Building
loops is header-only; the only thing you build are the example/benchmark/test binaries that exercise the headers. The repository ships a CMakePresets.json so most users never need to type a raw -D flag.
Available configure presets
| Preset | Architectures | Use when |
|---|---|---|
release-native |
Host's GPU(s) | Local development on a single machine |
release-h100 |
sm_90 | H100 nodes |
release-a100 |
sm_80 | A100 nodes |
release-multi |
sm_70…sm_90 | Distributing a fat binary |
debug-native |
Host's GPU(s) | Debug build with -G -lineinfo |
release-with-tests |
Host's GPU(s) | Build with unit tests and benchmarks enabled |
ci-multi-arch |
sm_80;sm_90 | CI hosts without a GPU (CUDA 13+ compatible) |
Configure and build with any of them:
cmake --preset release-h100
cmake --build --preset release-h100 -j
The output binaries land in build/<preset>/bin/.

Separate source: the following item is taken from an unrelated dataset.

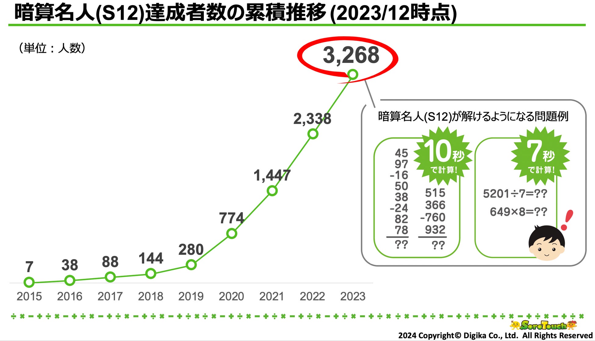 • 3000人以上の暗算名人が誕生し、子どもたちの努力とご家族や教室関係者の支援の賜物

Picking a CUDA architecture
The release-native preset sets CMAKE_CUDA_ARCHITECTURES=native, so CMake auto-detects the GPU(s) on the host at configure time. To override for cross-compilation or fat-binary builds, pass it explicitly:
# H100-only build
cmake --preset release-native -DCMAKE_CUDA_ARCHITECTURES=90
# Fat binary covering Volta through Hopper
cmake --preset release-native -DCMAKE_CUDA_ARCHITECTURES="70;75;80;86;89;90"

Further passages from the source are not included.